My Oura Ring validated my recovery metrics through the boundaries of the dataset it was instructed to do so. It confirmed the hours I was sleeping and my heart rate during that period. That was the data it used to tell me my body was ready. It didn’t know to look for any other biological signs. It only knows what it's been taught to measure. And maybe that’s a good thing?
That's not a failure of the technology. That's just what it is.
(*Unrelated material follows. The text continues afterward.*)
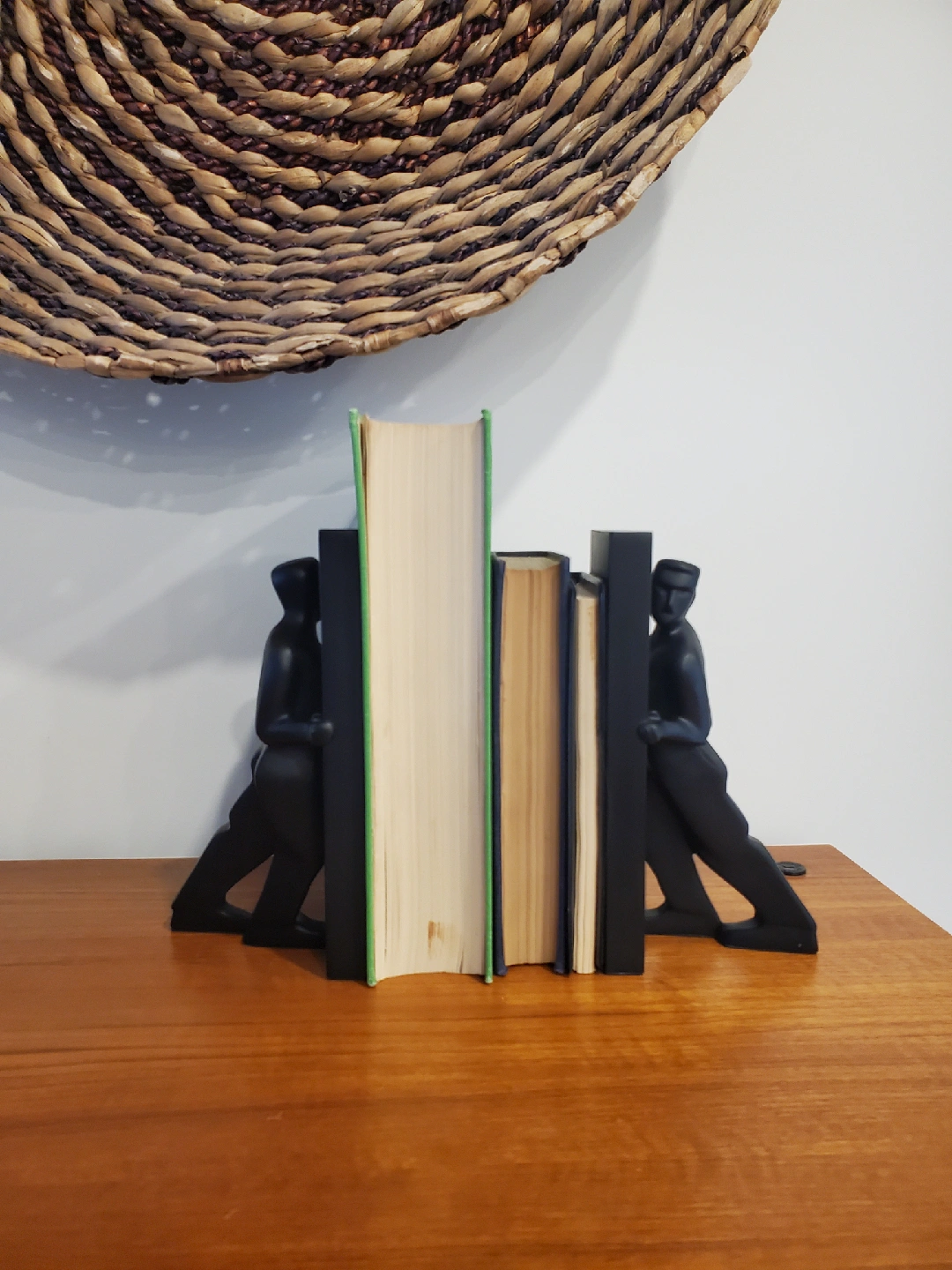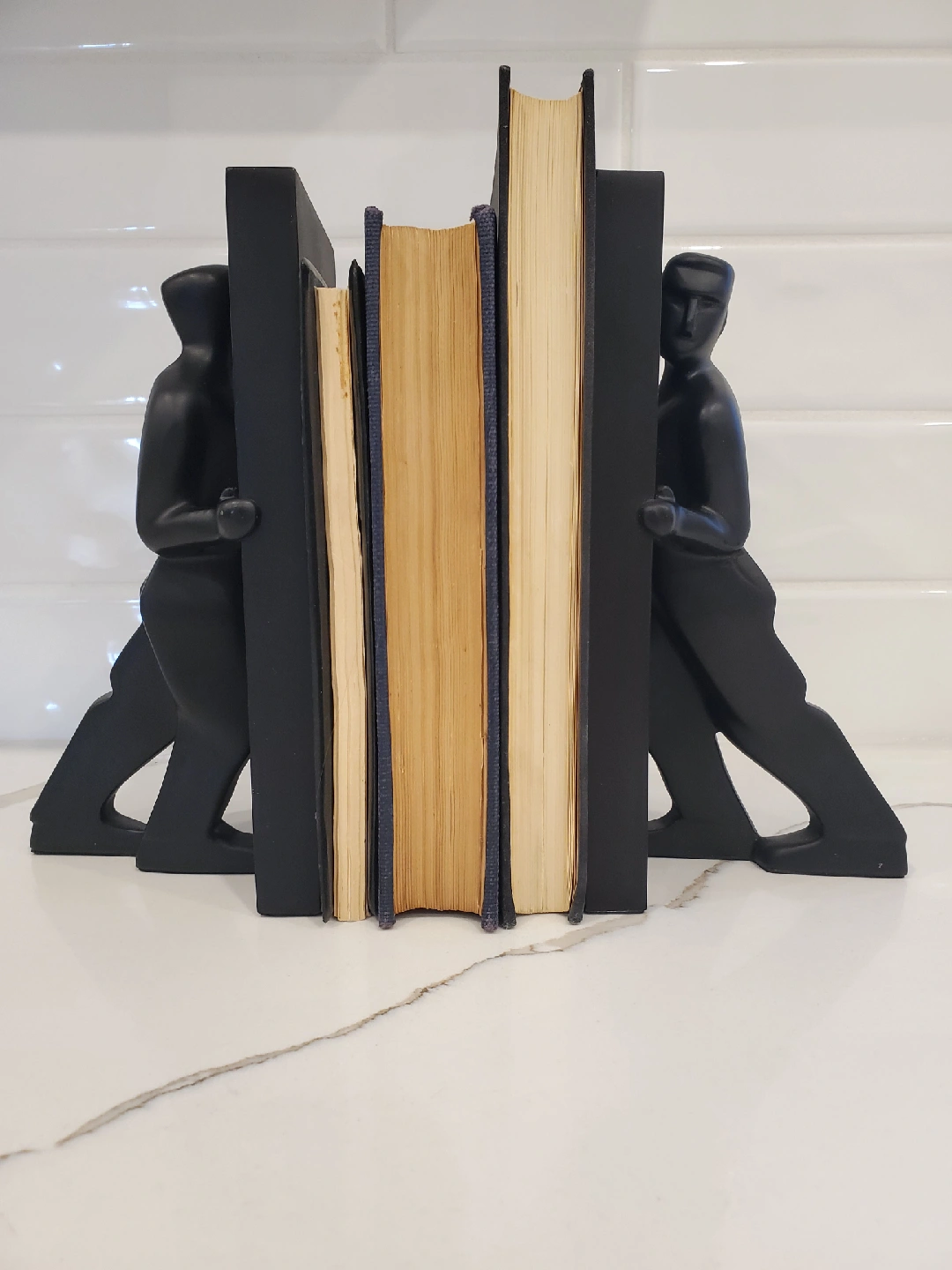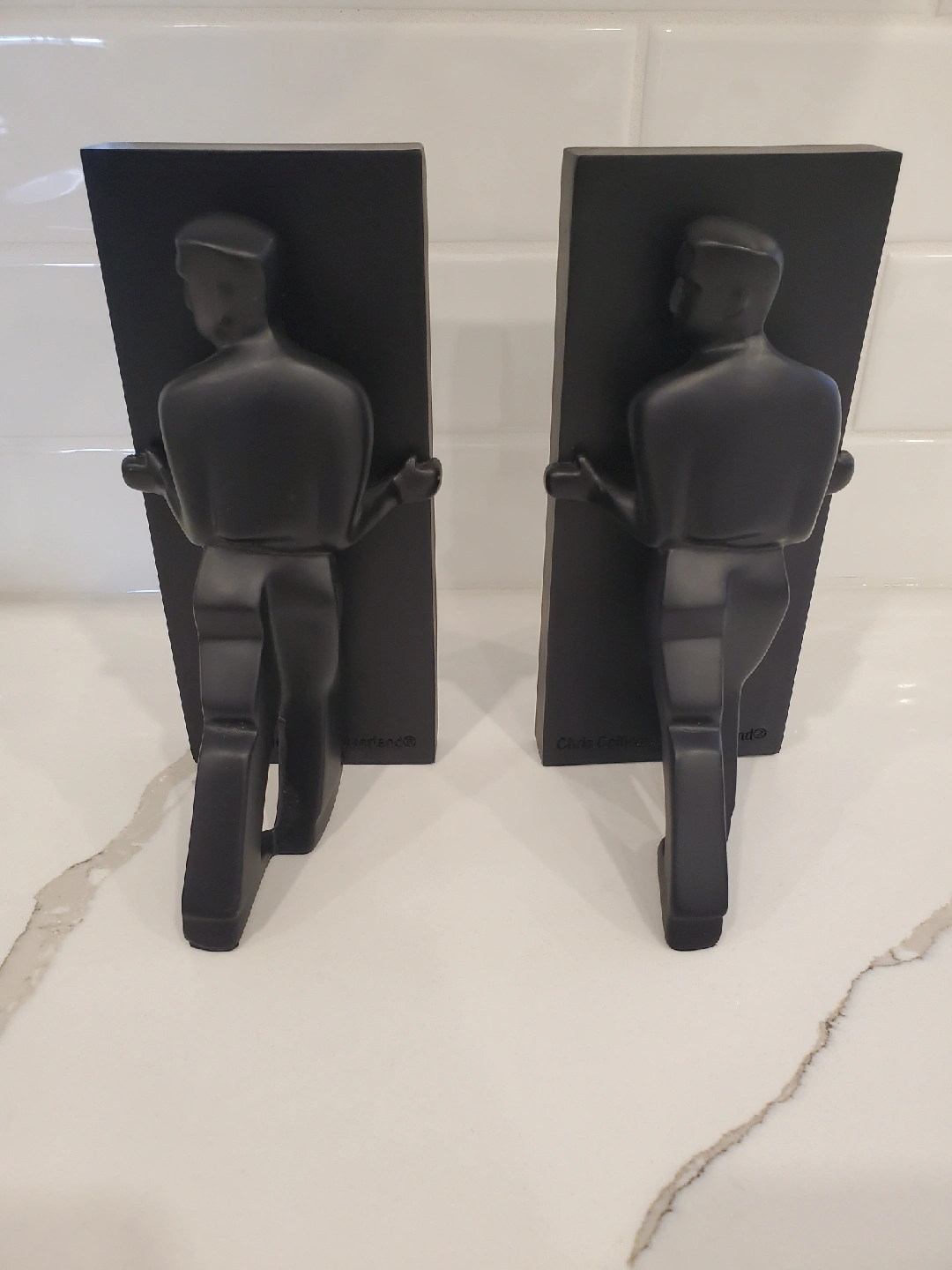 113Pushing Men Bookend Set Of 2. Vintage is mid 2000’s. A quality style statement to any office or home library. • Chris Collicott designed for the Kikkerland Brand beginning in mid 2000’s. • Modern machine age inspired. • Black glazed stone composite with weight to hold books upright. • Close to 8” tall, 3” x 4.5 wide at the base Accept cash only. Can meet in Mississauga or Hamilton area. More on Chris Collicott’s work below: https://kikkerland.com/blogs/stories/in-memoriam-chris-collicott-1953-2016?srsltid=AfmBOorrBmfL1GVfkRG5Bdhrf3bi6sjpNBGFAOafBzJWNcNCBIY6W50p

We're living in the era of validation – not prediction. AI is strongest at Stage 3, where it knows its stuff at validation and testing, but leaders live and breathe at Stages 2, 4, and 5: noticing the signal, interpreting what it means, and deciding what to do about it.
Great leaders can’t just read dashboards – they're this generation's Sherlock Holmes. They sniff around and they trust their instincts even when the metrics might say everything is fine. Leadership isn't about trusting the data, it's about knowing when to question it.

Right now, culturally, AI is being framed as a replacement. Investors talk about autonomy, media talks about superintelligence, and there’s fear AI is going to drastically minimize the workforce. But in practice? Most companies are using AI for validation, testing, A/B optimization, risk scoring, fraud detection, and pattern recognition. This is evolutionary, not revolutionary – it improves efficiency, but it doesn't replace human judgment at the top of the decision tree.
Validation isn't leadership. Leadership is interpretation and direction-setting.
My Oura Ring gave me data. My body gave me wisdom. I needed both, but I had to know which one to trust when they conflicted. That's the skill we need in the age of AI – not blind faith in dashboards, not rejection of technology, but the judgment to know when the pattern is wrong. Your body knows something the algorithm doesn't.